Monday, March 1, 2021

How Europe became world’s biggest electric-car market and why it might not last


 European consumers are buying electric cars at a faster pace than ever, encouraged by government subsidies and the availability for the first time of models built by their favorite brands.

The boom is so strong that Europe passed China as the world’s largest electric-vehicle market last year. Its share of new electric-car sales nearly doubled to 43%, while China and the US lost market share.

But Europe’s surge relies heavily on government incentives doled out during the pandemic, and analysts warn the momentum could be reversed if and when that support is withdrawn. Most government EV subsidies are limited in scope and due to expire by the end of this year.

“The market is extremely sensitive to government and company discounts," said Arndt Ellinghorst, auto analyst at Bernstein Research. “Once subsidies are taken away EV sales will collapse by 30-40% at least for one or two quarters."

Without the subsidies, EVs are still considerably more expensive than equivalent combustion-engine vehicles. This isn’t likely to change until later this decade, analysts say, as battery prices come down because of new technology, greater scale and competition.

Europe’s approach started with more sticks than carrots. The European Union in particular has steadily tightened emissions requirements, prompting the industry to roll out more electric cars and hybrids, or face hefty fines.

When the pandemic hit, governments looking to cushion the economic shock began targeting aid at industries on the front line of the battle with climate change. A big part of this assistance went into incentives for consumers to buy EVs, creating a surge in demand.

The moves changed the perception among industry leaders that there wasn’t a market to justify the huge investments needed to build electric cars.

Car makers began rolling out new models in earnest last year. Volkswagen AG, Europe’s biggest auto maker, unveiled its ID.3 and ID.4 models. Premium car makers such as BMW AG, Mercedes and Audi launched high-end EVs. This year, Mercedes is set to launch the EQS, which will be an electric and highly automated successor to the flagship S-Class.

Around 65 new EV models launched in Europe last year—twice as many as in China—and another 99 are slated to come to market this year. That compares with 15 launches in North America last year and a planned 64 this year.

Manufacturers say the incentives and an explosion in the number of new EV models came together at the right time, energizing both supply and demand.

The availability of EVs with familiar brand names is also pushing sales. Hallgeir Langeland, a 65-year-old Norwegian environmentalist and former politician, hasn’t owned a car for 25 years, but when Ford Motor Co. rolled out a fully electric version of its Mustang last year, he didn’t think twice.

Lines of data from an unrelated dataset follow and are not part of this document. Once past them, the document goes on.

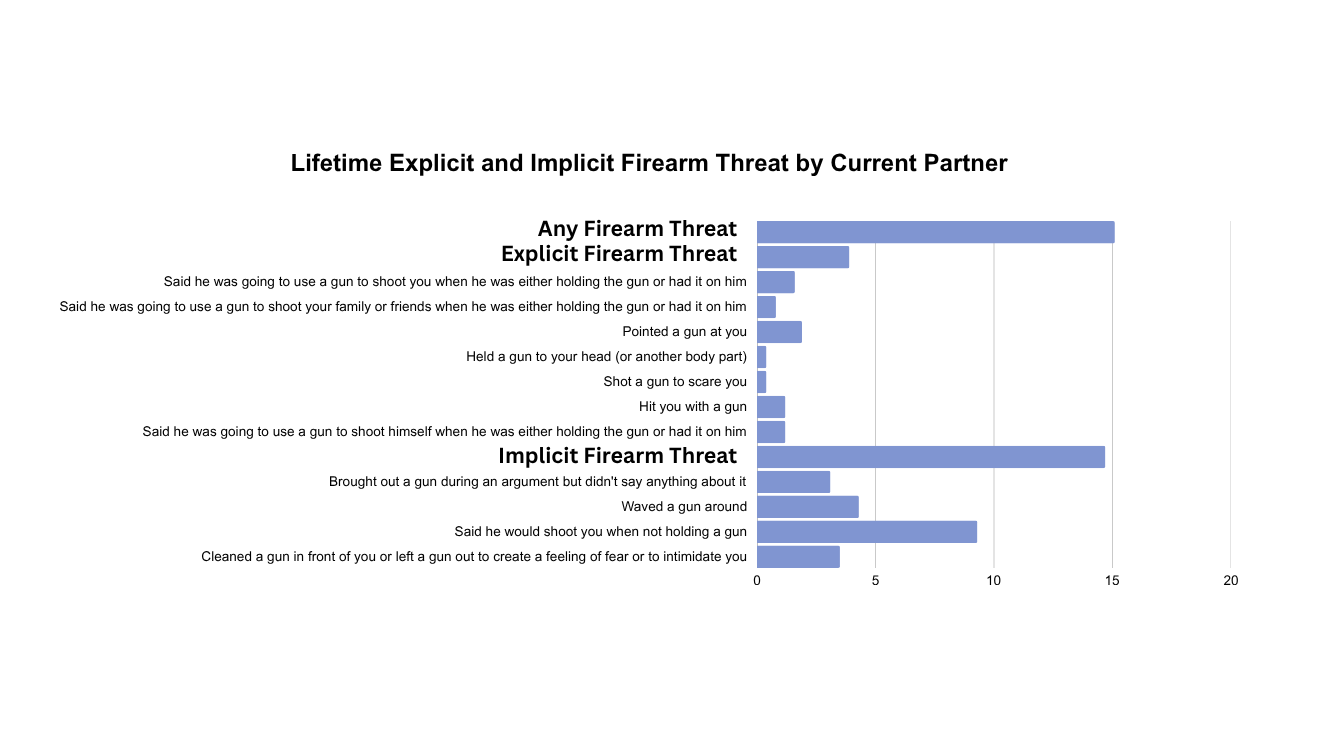 In total, 35 percent of women experienced either implicit or explicit firearm threats by an intimate partner in their lifetime, with an average of nine separate incidents. Explicit threats were direct threats made to the victim with actions or words while the partner was holding a gun or had it on his person, whereas implicit threats were ways in which the partner threatened, coerced, or intimidated a victim with a firearm without an explicit action or without an explicit verbal threat (see figure of lifetime threat endorsement). Fifteen percent of women in this sample also reported having experienced a firearm threat in their current relationship.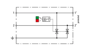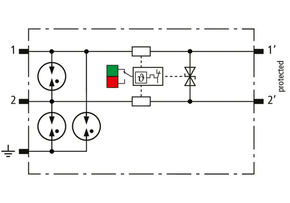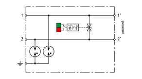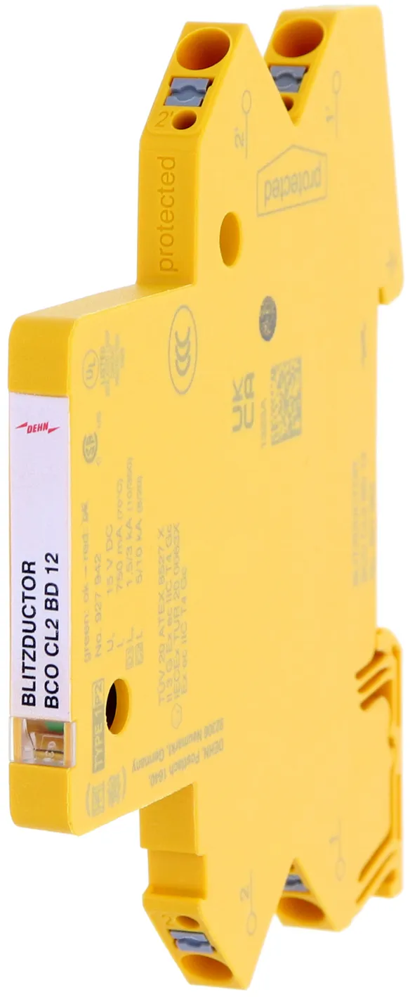 Parafoudre compact d'une largeur de 6 mm et technologie de connexion push-in avec indication d'état. Pour la protection d'une paire de circuits de mesure et de systèmes de bus à sécurité intrinsèque, conforme aux exigences FISCO. Résistance d'isolement >500 V mise à la terre.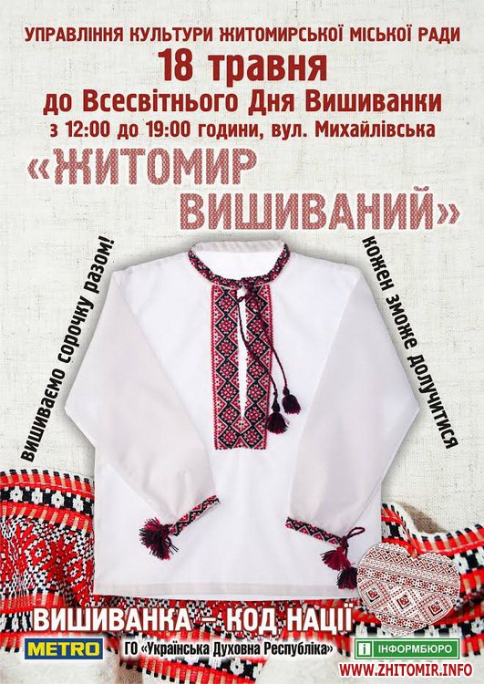 До всеукраїнського святкування Дня вишиванки 18 травня з 12:00 на вулиці Михайлівській розпочнеться великий захід – «Житомир вишиваний».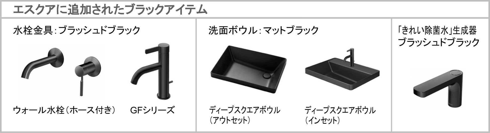 エスクアでは、水栓金具2種類(ウォール水栓、GFシリーズ)に「ブラッシュドブラック」、洗面ボウル2種類[ディープスクエアボウル(アウトセット)、ディープスクエアボウル(インセット)]に「マットブラック」、「きれい除菌水」生成器に「ブラッシュドブラック」を追加します。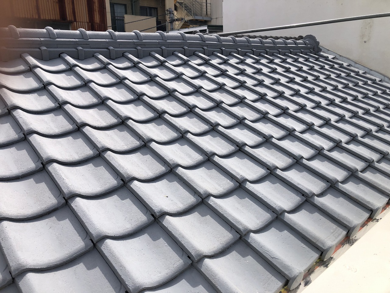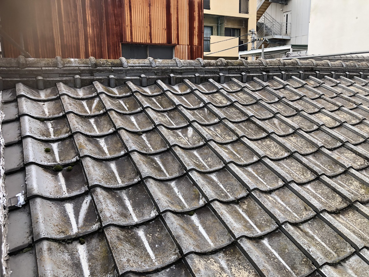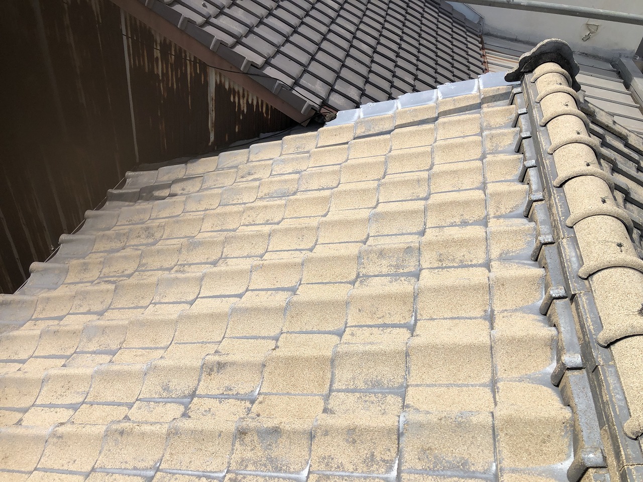 屋根の瓦はほとんどが表面の塗装がなくなっており地(セメント)が露出しております。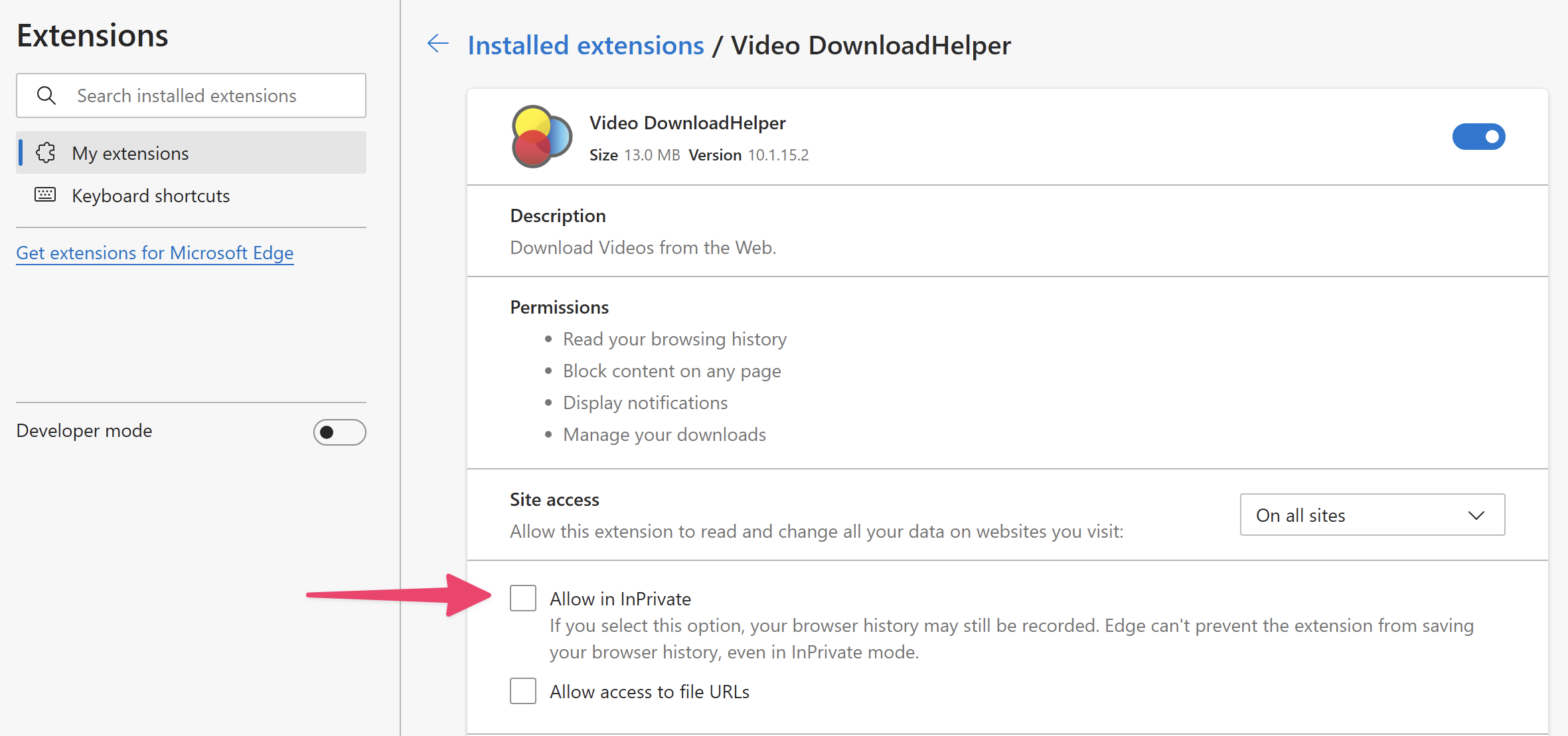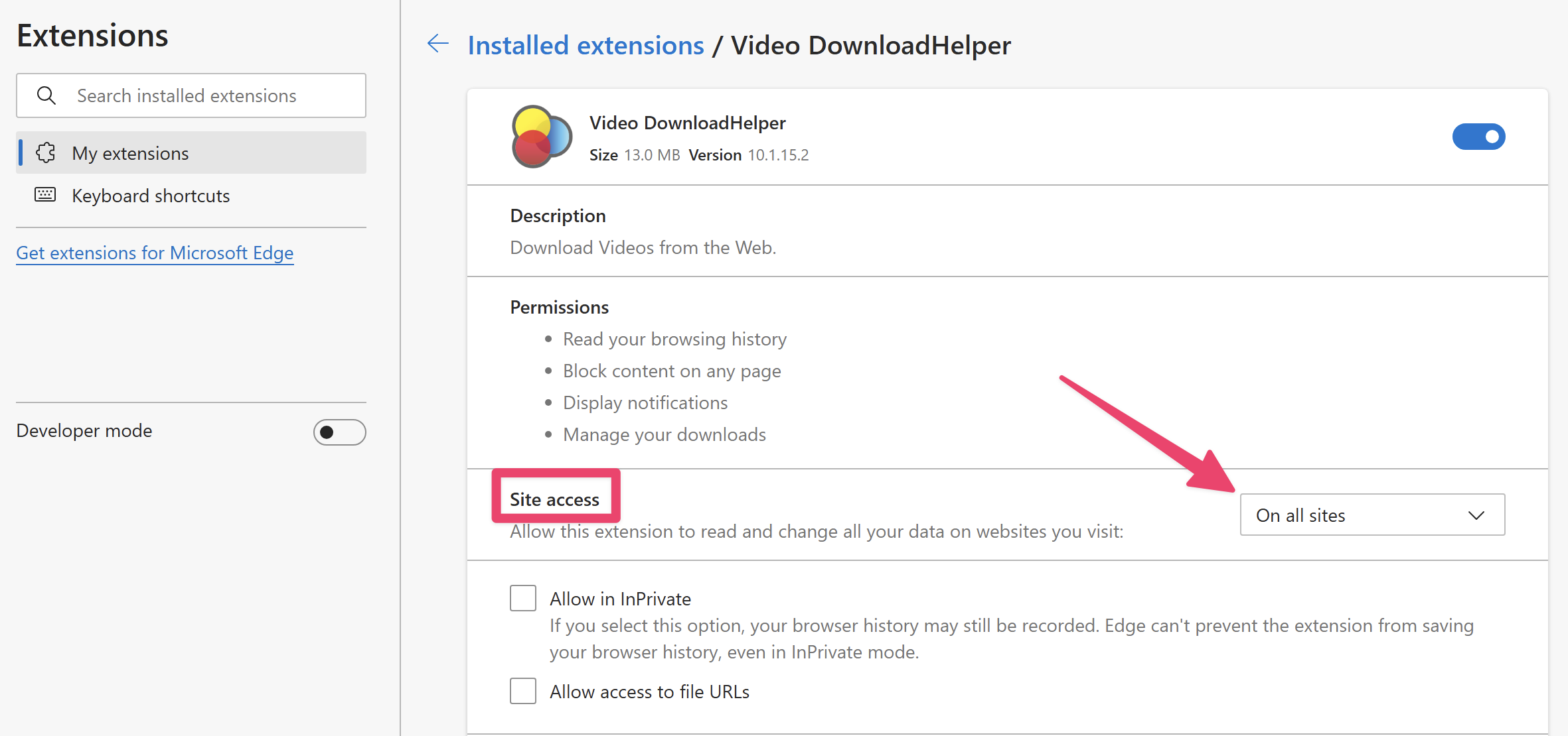 Go to extensions management and choose Video DownloadHelper, you will find a Site access section, select On all sites

“I had to have it," he said, recalling the Mustang he drove in his youth. Now he can’t wait for it to arrive in March. “It’s cherry red."

The purchase was made easier by subsidies that have made Norway the world’s biggest EV market per capita, prompting a tongue-in-cheek Super Bowl ad by General Motors Co. starring Will Ferrell, who called on American consumers to buy EVs and crush Norway.

Christian Burg, who runs a business building energy-efficient houses in Germany, had driven a diesel BMW X3 SUV for years. When the government boosted subsidies for electric cars last summer, he applied for a small-business grant and switched to the new iX3 plug-in hybrid version of the car.

“We received 3,750 euros [equivalent to $4,500] in cash incentives," he said.

Sales of plug-in electric vehicles in Europe rose 137% to 1.4 million vehicles last year, outpacing China, which recorded a 12% increase to 1.3 million, and the U.S., where sales rose 4% to 328,000, according to ev-volumes.com, a research group.